Durante seu mandato, o conselho também será acompanhado por um comitê de juristas escolhido pelo Congresso. Ou seja, trata-se de um trabalho muito mais tutelado, uma vez que já se rejeitou a proposta formulada por um grupo de legisladores mais independentes e vistos pela opinião pública como vinculados a pautas tidas como identitárias.
A própria atuação de Boric está mudando. Não apenas porque o presidente necessita que uma nova Carta seja aprovada, como porque necessita reverter a tendência de queda de sua popularidade.
Um gesto ilustrativo do "novo Boric" ocorreu recentemente quando ele convidou os ex-presidentes Sebastián Piñera, Michelle Bachelet e Ricardo Lagos para que o acompanhassem no funeral de um carabinero (policial) morto em serviço. Apenas no último mês, foram três policiais assassinados.
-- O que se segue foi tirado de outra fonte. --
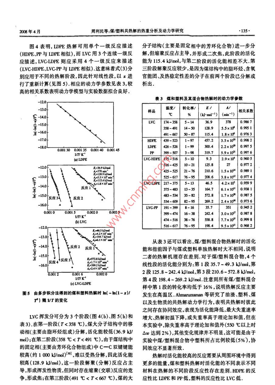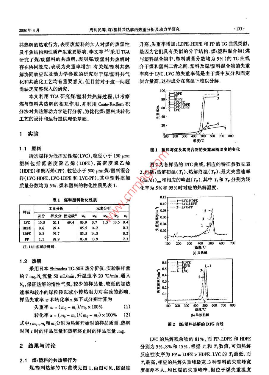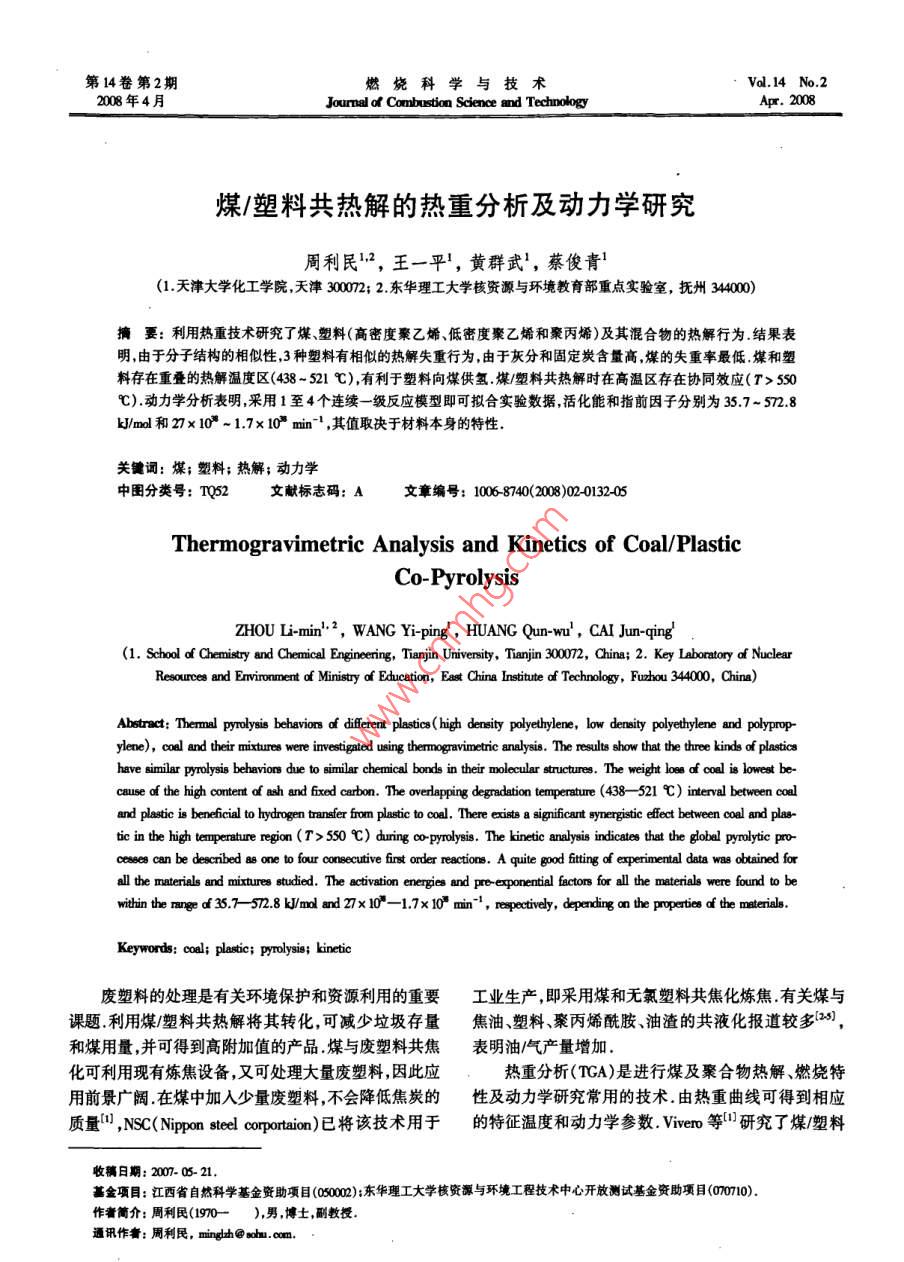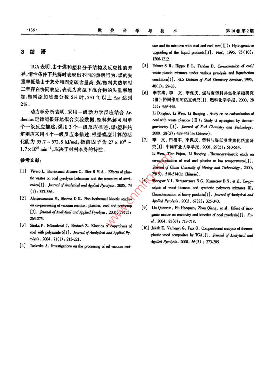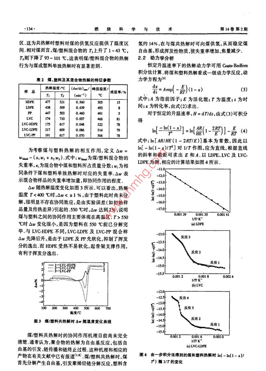 第14卷第2期燃燒科學(xué)與技術(shù)Vol.14 No.22008年4月Joumnal of Combustion Science and TechnologyApr.2008煤/塑料共熱解的熱重分析及動(dòng)力學(xué)研究周利民"2,王一平1,黃群武',蔡俊青'(1.天津大學(xué)化工學(xué)院,天津30002;2 2.東華理工大學(xué)核資源與環(huán)境教育部重點(diǎn)實(shí)驗(yàn)室,撫州34000)摘要:利用熱重技術(shù)研究了煤、塑料(高密度聚乙烯、低密度聚乙烯和聚丙烯)及其混合物的熱解行為.結(jié)果表明,由于分子結(jié)構(gòu)的相似性,3種塑料有相似的熱解失重行為,由于灰分和固定炭含量高,煤的失重率最低.煤和塑料存在重疊的熱解溫度區(qū)(438 ~ 521 C),有利于塑料向煤供氫.煤/塑料共熱解時(shí)在高溫區(qū)存在協(xié)同效應(yīng)(T> Ss0C).動(dòng)力學(xué)分析表明,采用1至4個(gè)連續(xù)--級(jí)反應(yīng)模型即可擬合實(shí)驗(yàn)數(shù)據(jù),活化能和指前因子分別為35.7~572.8k/ml和27x 10* ~ 1.7x 10* min~' ,其值取決于材料本身的特性.關(guān)鍵詞:煤;塑料;熱解;動(dòng)力學(xué)中圖分類號(hào): TQ52文獻(xiàn)標(biāo)志碼: A文章編號(hào): 10068740(2008)02-013205Thermogravimetric Analysis and Kinetics of Coal/PlasticCo- PyrolysisZHOU Li-min'2, WANG Yi-ping' , HUANC Qun-wu' , CAI Jun-qing'(1. Schol of Chemisty and Chemical Engineering, Tanjin Univernity, Tanjin 300072, China; 2. Key Laboratory of NuclearResources and Environment of Ministry of Educeation, East China Institute of Technology, Fuhou 344000, China)Abstrat: Thermal pryolysis behaviors df diferent plstio(high density polyethylene, low density ploythylene and polypp-ylene), coal and their mixtures were investigated using thermogavimetic analysis. The resuts show that the three kinds of plasticshave similar prolysis behaviors due to similar chemical bonds in their molecular stucures. The weight loe of coal is lowest be-cuee of the high content of sh and fxoed carbon. The overlapping degradation trature (438- -521 C) inteval between coaland plastic i beneficial to hydrogen tansfer from plastc to coal. There exists a sgificant synengistic efet between coal and plas-tic in the high temperature region (T> 550 C) during co-pyrolys. The kinetic analysis indicate that the global prolyic proceses can be descibed as one to four consecutive finst order reacions. A quite good fting of experimental data wae obtained forll the materials and mixtures studied. The activation energies and preexponential factos for alll the materials were found to bewithin the range of 35.7- 572.8 k/mol and27x 10*- -1.7x 10* min-' , repectively, depending on the propertice of the matrials.Keywords: calal; plasic; prolysis; kinetic廢塑料的處理是有關(guān)環(huán)境保護(hù)和資源利用的重要工業(yè)生產(chǎn),即采用煤和無氯塑料共焦化煉焦.有關(guān)煤與課題.利用煤/塑料共熱解將其轉(zhuǎn)化,可減少垃圾存量焦油、塑料、聚丙烯酰胺、油渣的共液化報(bào)道較多1:28),和煤用量,并可得到高附加值的產(chǎn)品.煤與廢塑料共焦表明油/氣產(chǎn)量增加.化可利用現(xiàn)有煉焦設(shè)備,又可處理大量廢塑料,因此應(yīng)熱重分析(TGA)是進(jìn)行煤及聚合物熱解、燃燒特用前景廣闊.在煤中加入少量廢塑料,不會(huì)降低焦炭的性及動(dòng)力學(xué)研究常用的技術(shù).由熱重曲線可得到相應(yīng)質(zhì)量" ,NSC(Nippon steel corportaion)已將該技術(shù)用于的特征溫度和動(dòng)力學(xué)參數(shù). Vivero等[研究了煤/塑料收稿日期: 200- 0s- 21.基金項(xiàng)目:江西省自然科學(xué)基金資助項(xiàng)目(000);:東華理工大學(xué)核資源與環(huán)境工程技術(shù)中心開放測試基金資助項(xiàng)目(070710).作者簡介:周利民(1970-),男,博士,副教授.通訊作者:周利民,mingh@ ocu.cm.2008年4月周利民等:煤/塑料共熱解的熱重分析及動(dòng)力學(xué)研究.133●共熱解的熱重行為,表明廢塑料的加入對(duì)煤的熱塑性升高,失重率增加;LDPE.HDPE和PP的TG曲線類似,及半焦結(jié)構(gòu)和性質(zhì)產(chǎn)生重要影響.李文等[)采用TCA是因?yàn)樗鼈兙哂蓄愃频姆肿咏Y(jié)構(gòu).煤/塑料混合物(煤研究了煤/廢塑料的共熱解,表明煤/廢塑料共熱解時(shí)與塑料混合物中,塑料質(zhì)量分?jǐn)?shù)均為5% )的TC曲線存在協(xié)同效應(yīng),表現(xiàn)為失重率增加.有關(guān)煤/塑料共熱介于煤和塑料二者之間.塑料及煤/塑料混合物的失重解協(xié)同效應(yīng)以及動(dòng)力學(xué)參數(shù)的研究對(duì)于煤/塑料共氣率高于LVC.LVC的失重率低是由于煤中灰分和固定化和共液化工藝均有重要意義,但目前對(duì)于這一問題炭含量高,這些成分在高溫下難以分解。尚缺乏完整深人的研究.本文利用TGA研究煤/塑料共熱解過程,以考察煤與塑料共熱解的相互作用,并利用Coats Redfem積分法對(duì)共熱解動(dòng)力學(xué)進(jìn)行分析,為優(yōu)化煤/塑料共轉(zhuǎn)化工藝的設(shè)計(jì)和運(yùn)行提供理論基礎(chǔ).201實(shí)驗(yàn)900200300400500600700800溫度/C .1.1原料圖1塑料與煤及其混合物的失率隨溫度的變化所選煤樣為低揮發(fā)性煤(LVC),粒徑小于150 pum;塑料包括低密度聚乙烯(LDPE)、高密度聚乙烯圖2為各樣品的DTG曲線,相應(yīng)的特征參數(shù)見表(HDPE)和聚丙烯(PP) ,粒徑小于500 pm;煤/塑料混合2,包括:熱解初溫(T)、熱解終溫(T,)、最大失重速率樣(LVC-HDPE、LVC-LDPE和LVC-PP) ,其中塑料添加(dw/dt)_和相應(yīng)的峰溫(Tp).其中T和T,分別為轉(zhuǎn)質(zhì)量分?jǐn)?shù)均為5% .煤和塑料的物化性質(zhì)見表1.化率為5%和95 %時(shí)對(duì)

A ideia era mostrar que o Estado está preocupado com o aumento da violência no país. Boric abraçou a viúva do carabinero Daniel Palma e chorou junto com ela em frente às câmeras.
Quem acompanha sua trajetória sabe como Boric sempre foi crítico à ação policial, tinha planos de reformar a instituição, posicionou-se a favor de indultos de manifestantes presos e colocava-se na dianteira das acusações a carabineros que violavam os direitos humanos.
Agora que o Chile mostra um aumento na taxa de homicídios —embora em níveis muito menores que a média da América Latina—, de roubos e de sequestros, Boric partiu para o reconhecimento do trabalho policial. Um pacote de medidas contra a delinquência proposto por ele recebeu apoio de mais de 80% da população, segundo o instituto Cadem.
O que Boric busca é um lugar inédito na história do Chile: o de um personagem nascido dos protestos de esquerda, mas que se adaptou à institucionalidade e amadureceu como líder político ao abraçar parte da agenda da direita democrática, ao mesmo tempo em que se mostra crítico dos excessos contra os direitos humanos de modo transversal na região —é, afinal, o líder mais enfático contra as ditaduras de esquerda de Nicarágua, Cuba e Venezuela— e que mais se posiciona a favor da Ucrânia diante da invasão russa.
Seus esforços serão eficientes e reconhecidos pela sociedade chilena? Em poucas semanas, as urnas darão parte da resposta.